Newly elected Canadian Prime Minister Justin Trudeau on Thursday appointed Member of Parliament and senior adviser Omar Alghabra, a former president of the Canadian Arab Federation (CAF), as Parliamentary Secretary to the Minister of Foreign Affairs. The previous Canadian leadership, headed by then-PM Stephen Harper, had banned the CAF from receiving government funding, citing its support of terrorism and anti-Semitism. In 2014, following a CAF appeal, the federal court upheld the government decision.

In 2009, Jason Kenney, then-Canadian Minister of Citizenship and Immigration, cut CAF’s $1 million in annual tax dollars – meant to be used for support for new immigrants – saying it was because of the organization’s support for Hamas and Hezbollah and citing specific incidents to back his statement.
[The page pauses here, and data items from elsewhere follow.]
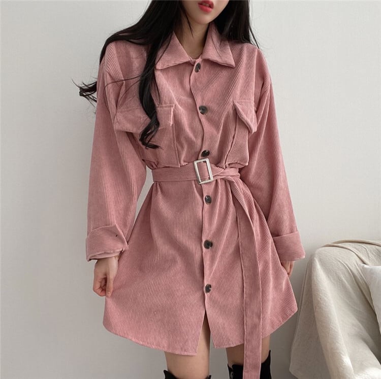 ダブルポケット 単体ボタン コーデュロイ シャツワンピ
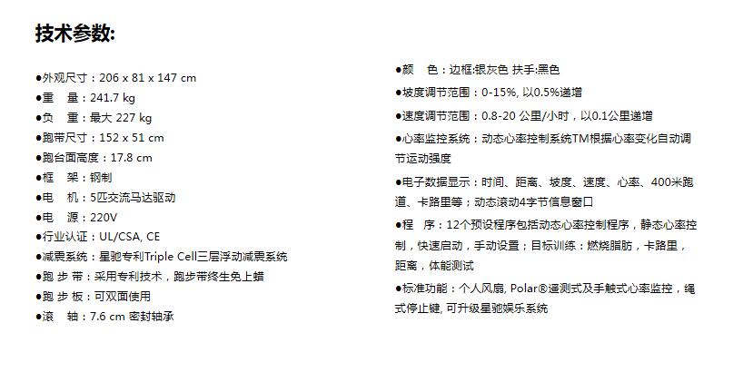 ●5匹交流马达驱动,提供稳定、顺畅的动力 ●采用星驰专利Triple Cell三层浮动减震系统 ●动态心率控制系统TM:根据用户的心率自动调节运动强度 ●跑步带终生免上蜡 ●受广大用户喜爱的可调节式风扇 ●400米跑道设计,使运动更具趣味性 ●友好的用户界面和控制面板,动态滚动4字节的信息窗口显示。 12个预设程序,Polar ®遥测式和手触式心率监测系统及多用途个人物品存放架 ●便捷启动功能,两个紧急停止按钮 ●内置预留线,可升级星驰娱乐系统 ●宝马汽车设计师美国DesignWorks倾力外观设计
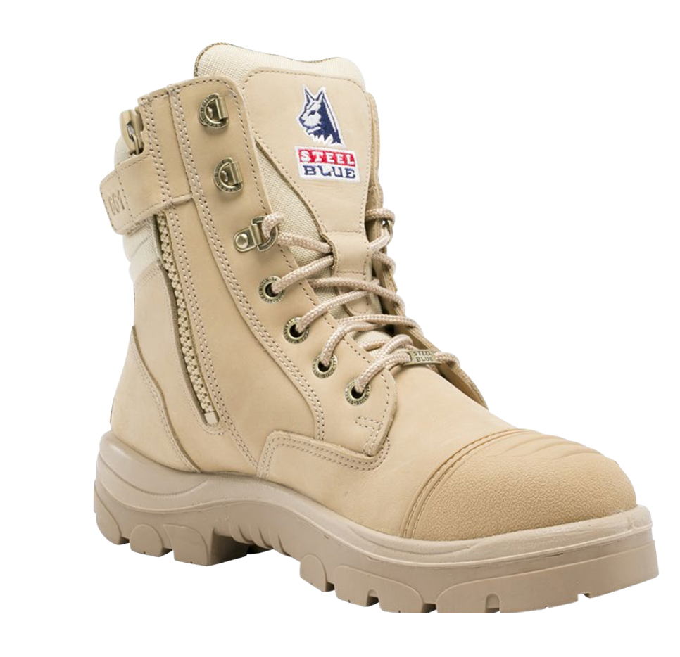 Trisole™ Comfort Technology Soling System: The Steel Blue soling system is a patented three density soling system that offers a high level of comfort, shock absorbency and energy return. The system uses PORON® as energy absorbing pads under the pressure points of the foot to give the wearer superior comfort and offers similar shock absorbency and comfort to sports footwear.

In the 2014 federal court decision against CAF, Justice Russel Zinn said that the group “appears to support  organizations that Canada has declared to be terrorist organizations and which are arguably anti-Semitic.” In July, the court rejected claims that the government decision was an “abuse of authority” or an attempt to suppress criticism of Israel.

“I have been on public record disagreeing with the approach taken by the current administration of the Canadian Arab Federation,” Alghabra had said, according to the National Post. “At the end of the day, it’s government’s prerogative to make decisions on what to fund and what not to fund.”

Kenney noted, however, that although Alghabra was not at the helm of the CAF in 2009, he “criticized my decision to defund CAF.”

Trudeau, who met with Israeli Prime Minister Benjamin Netanyahu on the sidelines of the UN conference on climate change several days ago, said he plans to continue his country’s “very strong relationship with Israel” and to work together on issues of concern to both nations.

In what was described as a warm and friendly meeting, Trudeau said it would be his “pleasure” to visit Israel when the opportunity arises.

“We have many issues to talk about, to discuss, but also many issues to collaborate on. And I look forward to continuing the strong friendship that Canada has shown towards Israel for decades and will continue in ongoing times,” Trudeau said.